Between Two Cities is a great partnership game because it goes beyond simple, static partners and instead forces players to “partially” partner up with two different people with varying goals.
Between Two Cities by Rosset & O’Malley
Publisher: Stonemaier Games (2015)
Cooperative Style: Competitive with Partial Partners
Play Style: Card Drafting, Tile Laying
Overview
Over several turns of play, each player drafts tiles in order to build the best city possible — or rather, to build the best two cities possible. In Between Two Cities each player is working in cooperation with the two players to either side, and he’ll be scored based on the worst of those two cities, so there’s no shirking either responsibility!
Cooperative System
Between Two Cities is ultimately a competitive game: only one player wins, while everyone else loses. However, it forces cooperation through a clever system of partial partnerships where each player has part of their score linked to a joint city created with another player.
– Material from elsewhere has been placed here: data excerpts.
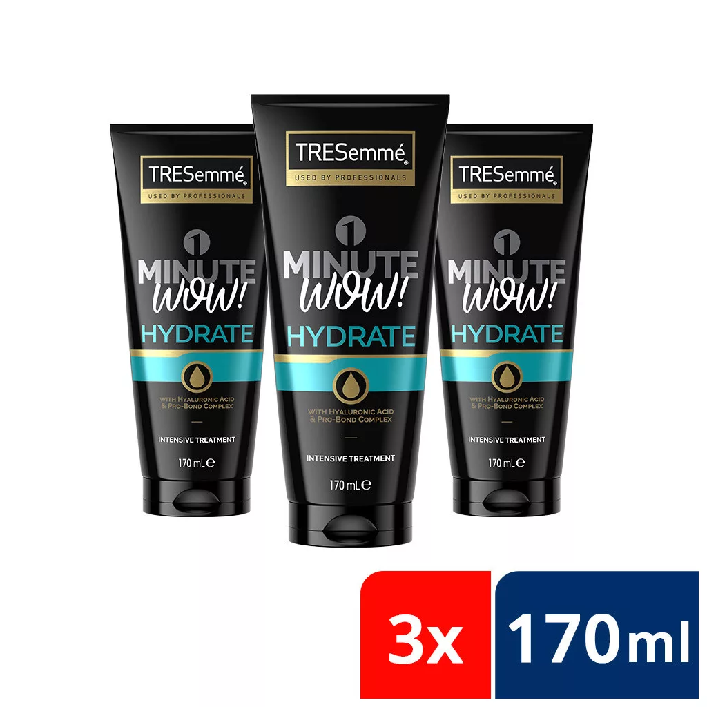 A TRESemmé Hydrate&Purify 1 Perces Intenzív Hajpakolás koncentrált formulája hialuronsavat tartalmaz, szabadalmaztatott Pro-Bond Complex technológiája a hajszálak belsejébe hatol és segít megerősíteni a haj szerkezetét, hidratált és fényes hajat kölcsönözve.
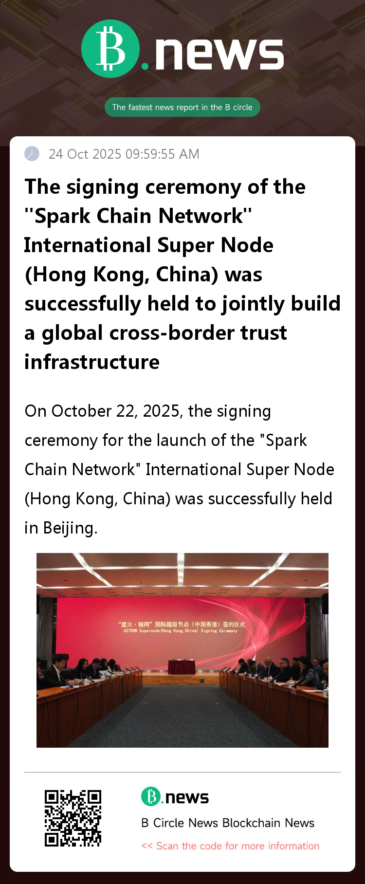 On October 22, 2025, the signing ceremony for the launch of the "Spark Chain Network" International Super Node (Hong Kong, China) was successfully held in Beijing.
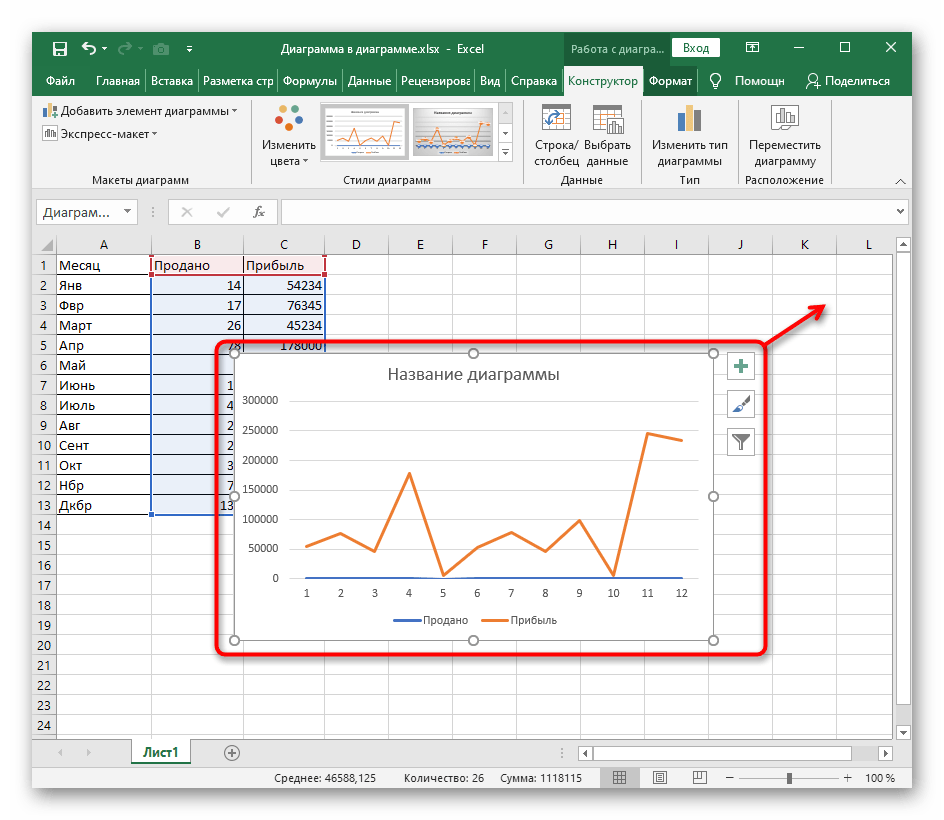 - Предыдущие шаги позволили вставить диаграмму в Excel, после чего ее можно перемещать по листу или изменять размер.
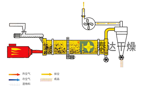 供料裝置進(jìn)入回轉(zhuǎn)滾筒的內(nèi)層,實(shí)現(xiàn)順流烘干,沙子在內(nèi)層的抄板下不斷抄起、散落呈螺旋行進(jìn)式實(shí)現(xiàn)熱交換,沙子移動(dòng)至內(nèi)層的另一端進(jìn)入中層,進(jìn)行逆流烘干,沙子在中層不斷地被反復(fù)揚(yáng)進(jìn),呈進(jìn)兩步退一步的行進(jìn)方式,沙子在中層既充分吸收內(nèi)層滾筒散發(fā)的熱量,又吸收中層滾筒的熱量,同時(shí)又延長(zhǎng)了干燥時(shí)間,沙子在此達(dá)到最佳干燥狀態(tài)。沙子行至中層另一端而落入外層,沙子在外層滾筒內(nèi)呈矩形多回路方式行進(jìn),達(dá)到干燥效果的沙子在熱風(fēng)作用下快速行進(jìn)排出滾筒,沒(méi)有達(dá)到干燥效果的濕沙子因自重而不能快速行進(jìn),沙子在此矩形抄板內(nèi)進(jìn)行充分干燥,由此完成干燥目的
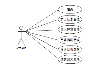 护工用户主要功能:首页、护工信息管理、老人护理管理、用药提醒管理、投诉反馈管理、健康监测管理等,护工用例如图3-6所示。
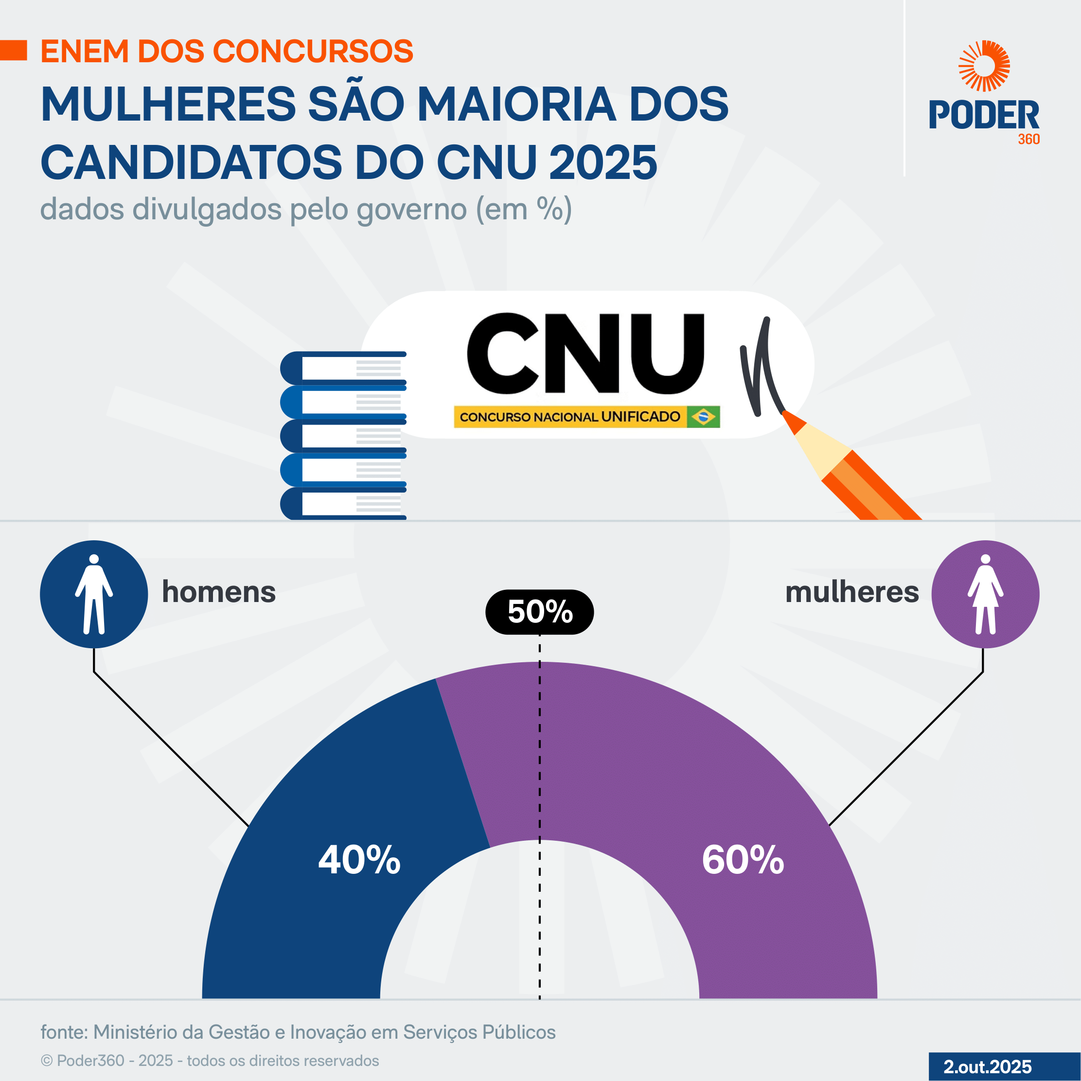 As mulheres representam 60% dos inscritos, alta em relação à primeira edição (56,2%). O CNU também mantém a reserva de cotas: 25% para pessoas negras, 5% para pessoas com deficiência, 3% para indígenas e 2% para quilombolas, além de prever ações de equidade de gênero.
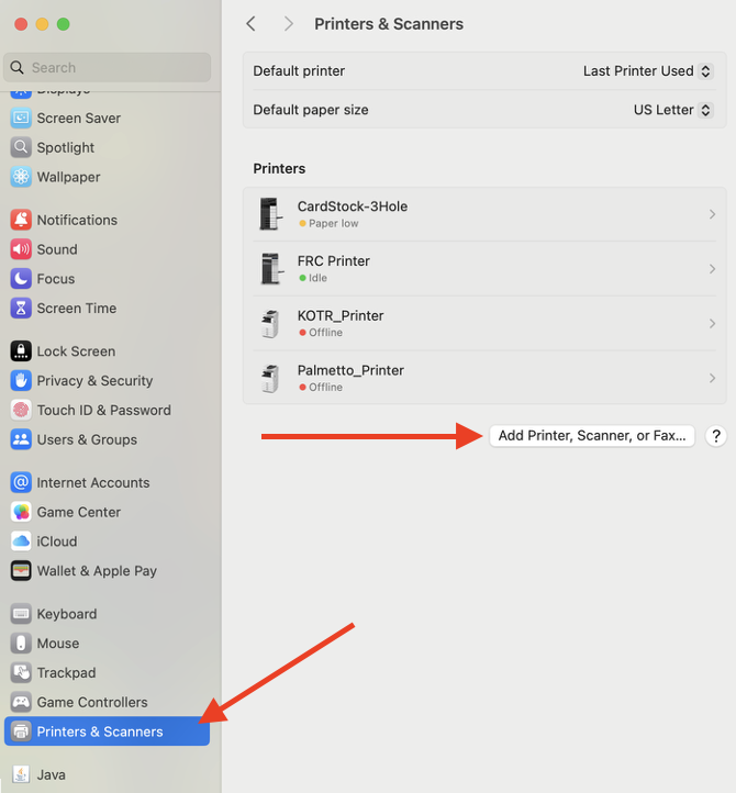 - Scroll down to “Printers & Scanners” & Click Add Printer, Scanner, or Fax

any partial partnership games fail because they allow a player to focus on just one of his partnerships, ultimately consigning the partner that he’s ignoring to almost certain loss. Between Two Cities resolves that issue by scoring the worst of a player’s two cities, only using the score for the better city as a tie-breaker. The result is a game where a player does his best to ensure that his two partnerships are doing equally well.
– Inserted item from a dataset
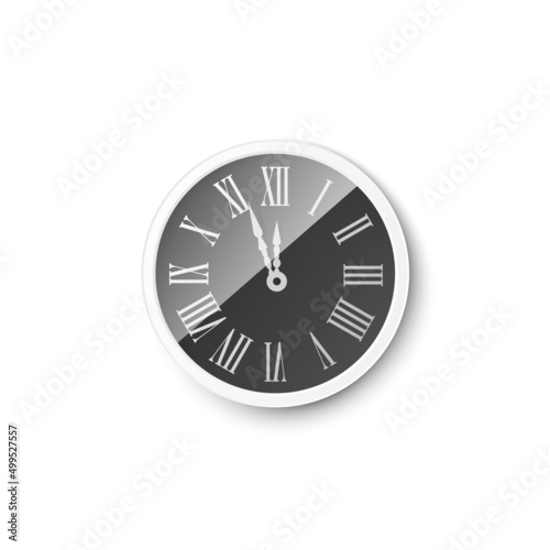 Realistic wall clock with black dial and roman numerals, 3d vector illustration isolated on white background.
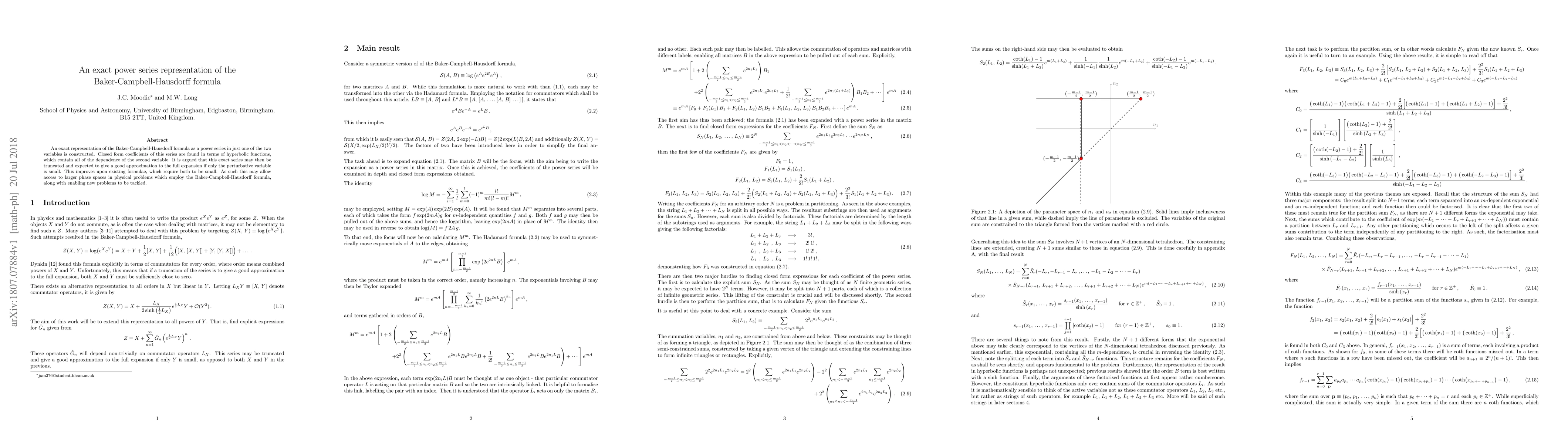 An exact representation of the Baker-Campbell-Hausdorff formula as a power series in just one of the two variables is constructed. Closed form coefficients of this series are found in terms of hyperbolic functions, which contain all of the dependence of the second variable. It is argued that this exact series may then be truncated and expected to give a good approximation to the full expansion if only the perturbative variable is small. This improves upon existing formulae, which require both to be small. As such this may allow access to larger phase spaces in physical problems which employ the Baker-Campbell-Hausdorff formula, along with enabling new problems to be tackled.

Though the partnerships in Between Two Cities are both constrained and competitive, they still create real cooperation within the game.
That mainly comes through the building of the cities. After each phase of card drafting, each player ends up with two tiles, and he must decide which to place in each of the two cities. Though a player often know what he wants to do, he also engages in freeform negotiation with both of his partners. This results in cooperative conversation about how to build out the cities … but each of those partners is also trying to ensure a tile placement that best benefits them, not the player’s other partner.
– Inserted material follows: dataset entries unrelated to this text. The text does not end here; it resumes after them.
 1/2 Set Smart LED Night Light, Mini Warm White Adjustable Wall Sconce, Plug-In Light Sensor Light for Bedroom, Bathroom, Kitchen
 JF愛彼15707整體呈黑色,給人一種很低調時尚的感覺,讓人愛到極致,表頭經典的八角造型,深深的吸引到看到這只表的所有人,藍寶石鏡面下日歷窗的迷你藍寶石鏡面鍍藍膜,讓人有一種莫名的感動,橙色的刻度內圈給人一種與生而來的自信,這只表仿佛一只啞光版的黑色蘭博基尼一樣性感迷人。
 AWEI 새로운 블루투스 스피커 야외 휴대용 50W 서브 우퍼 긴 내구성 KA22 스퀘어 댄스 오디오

Between Two Cities also has a second, more unusual style of cooperation. When a player is drafting tiles, he can choose to pass specific tiles to his partner that he thinks will benefit their shared city. He may even keep a certain tile to play, while also sending a complementary tile to his partner. This sort of unspoken cooperation avoids the problems that open communication can causes in co-op games, while simultaneously allowing for real cooperation.
No Challenge System Elements. Partial Partnerships.
Expansion & Variants
The Capitals (2017) expansion for Between Two Cities increases the challenge of city building by introducing new ways to score points and new geographic obstacles. (The picture at the top of this post shows the expansion in play.)
Between Two Castles of Mad King Ludwig (2018) is a brand-new game that mixes together the partnership play of Between Two Cities with the more freeform building and higher complexity of Castles of Mad King Ludwig (2014).
Final Thoughts
Though it’s ultimately a competitive game, Between Two Cities incorporates some great cooperative mechanics by forcing players to work together with two different partners while simultaneously requiring them to make decisions for themselves about both card drafting and tile placement. Between Two Cities also plays very quickly, showing that meaningful cooperation can occur in small, bite-sized bits.
Ben Rosset & Matthew O’Malley
Matthew O’Malley designs games primarily through his own Black Oak Games. Ben Rosset has worked with a number of small publishers. They both are relatively new designers, who got their professional start in 2014. To date, Between Two Cities is their most successful game.